Correlation Between Ming Yang and Sinocelltech

Specify exactly 2 symbols:
Can any of the company-specific risk be diversified away by investing in both Ming Yang and Sinocelltech at the same time? Although using a correlation coefficient on its own may not help to predict future stock returns, this module helps to understand the diversifiable risk of combining Ming Yang and Sinocelltech into the same portfolio, which is an essential part of the fundamental portfolio management process.
By analyzing existing cross correlation between Ming Yang Smart and Sinocelltech Group, you can compare the effects of market volatilities on Ming Yang and Sinocelltech and check how they will diversify away market risk if combined in the same portfolio for a given time horizon. You can also utilize pair trading strategies of matching a long position in Ming Yang with a short position of Sinocelltech. Check out your portfolio center. Please also check ongoing floating volatility patterns of Ming Yang and Sinocelltech.

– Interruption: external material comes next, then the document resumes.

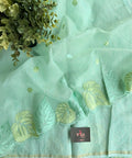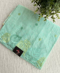 Leaf Embroidery Cotton doria saree comes with self colour plain blouse pc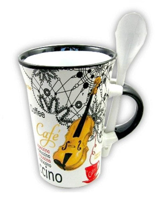 Cappuccino Mug With Spoon - Violin Design (White)

Diversification Opportunities for Ming Yang and Sinocelltech

0.54
  Correlation Coefficient

Very weak diversification

The 3 months correlation between Ming and Sinocelltech is 0.54. Overlapping area represents the amount of risk that can be diversified away by holding Ming Yang Smart and Sinocelltech Group in the same portfolio, assuming nothing else is changed. The correlation between historical prices or returns on Sinocelltech Group and Ming Yang is a relative statistical measure of the degree to which these equity instruments tend to move together. The correlation coefficient measures the extent to which returns on Ming Yang Smart are associated (or correlated) with Sinocelltech. Values of the correlation coefficient range from -1 to +1, where. The correlation of zero (0) is possible when the price movement of Sinocelltech Group has no effect on the direction of Ming Yang i.e., Ming Yang and Sinocelltech go up and down completely randomly.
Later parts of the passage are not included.